— У таксистов можно.

— Десятку с тебя сдерут, а зачем? Возьми бормотухи, не будем отрываться от народа.

Через полчаса друзья сидели за столом, выпивали и закусывали. По ходу дела Фомин переводил Лешакову предисловие и комментарий прямо с листа. Он помнил английский превосходно. Сгодился умнице красный диплом. Лешаков слушал внимательно, записывал, переспрашивал, не стеснялся. Фомин повторял.

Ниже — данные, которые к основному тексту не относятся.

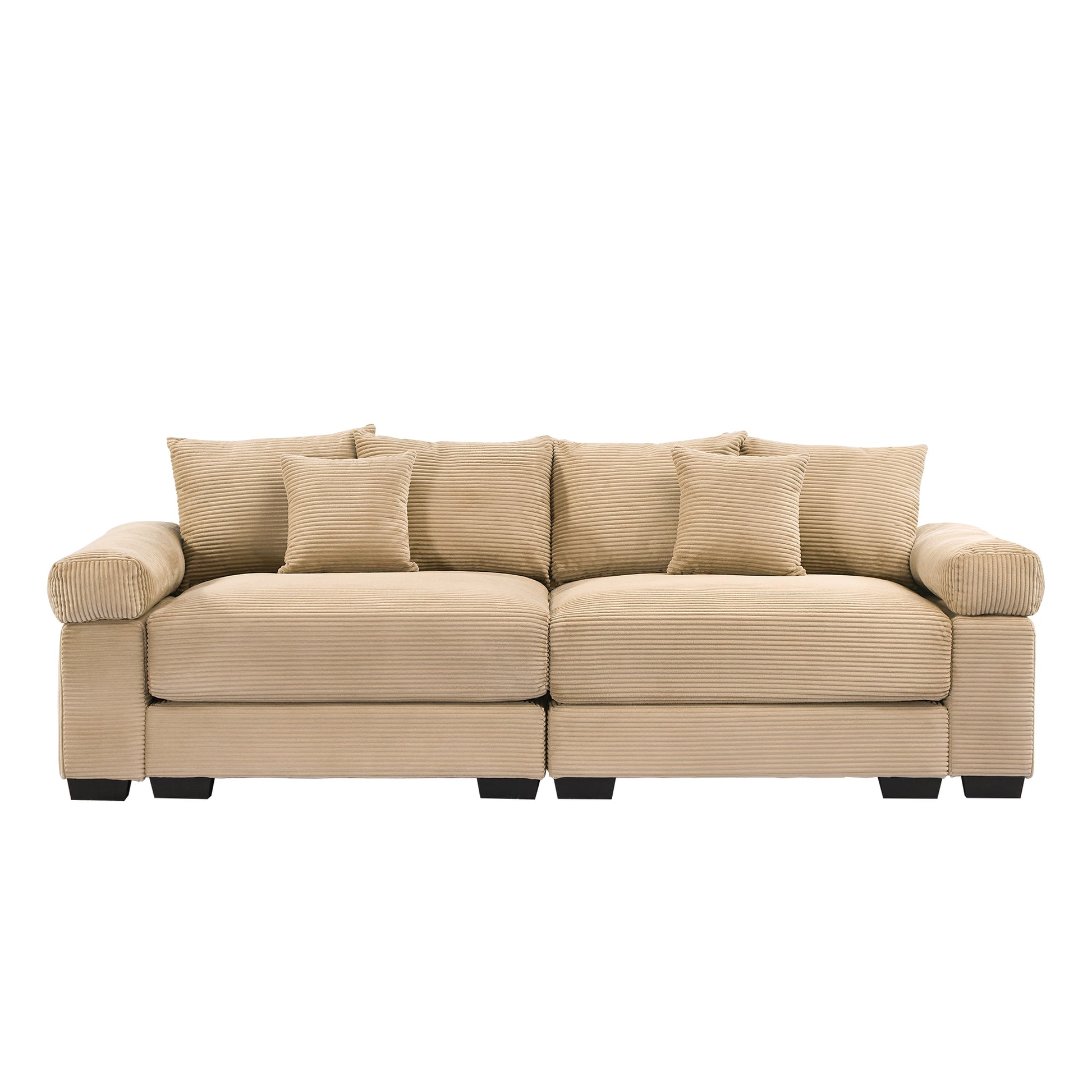 This 92 inch modular corduroy cloud sofa features extra wide armrests deep seating and plush cushions creating a relaxed lounging experience with flexible modular comfort for modern living spaces.

— Сомнительное дело, — резюмировал он, когда бывший номенклатурный работник закончил перевод.

— Гипотеза, — уточнил материалист. — Они на большее и не претендуют.

— Однако и не Блаватская эта. Или твой… К-Курилка.

— Курилло-Семеновский.

— Средневековье, — обобщил Лешаков.

— Астрологический опыт огульно отбросить легко, — возразил Фомин. — Он, в сущности, основывается на дотошных тысячелетних наблюдениях. Неизученный пока вопрос. А наши аппаратчики на этом деле прямо горят. Таблицы чертят, звезды считают.

— Чтобы карьеру слепить, и не такие фортели выкидывают.

— Некрасиво поступают товарищи. Мудрят… Неправильные марксисты, — осторожно согласился Фомин, — ревизуют теорию. Я нынче основоположников дочитал, теперь последователей хочу полистать. Занятно, как у них дальше концы с концами-то, а?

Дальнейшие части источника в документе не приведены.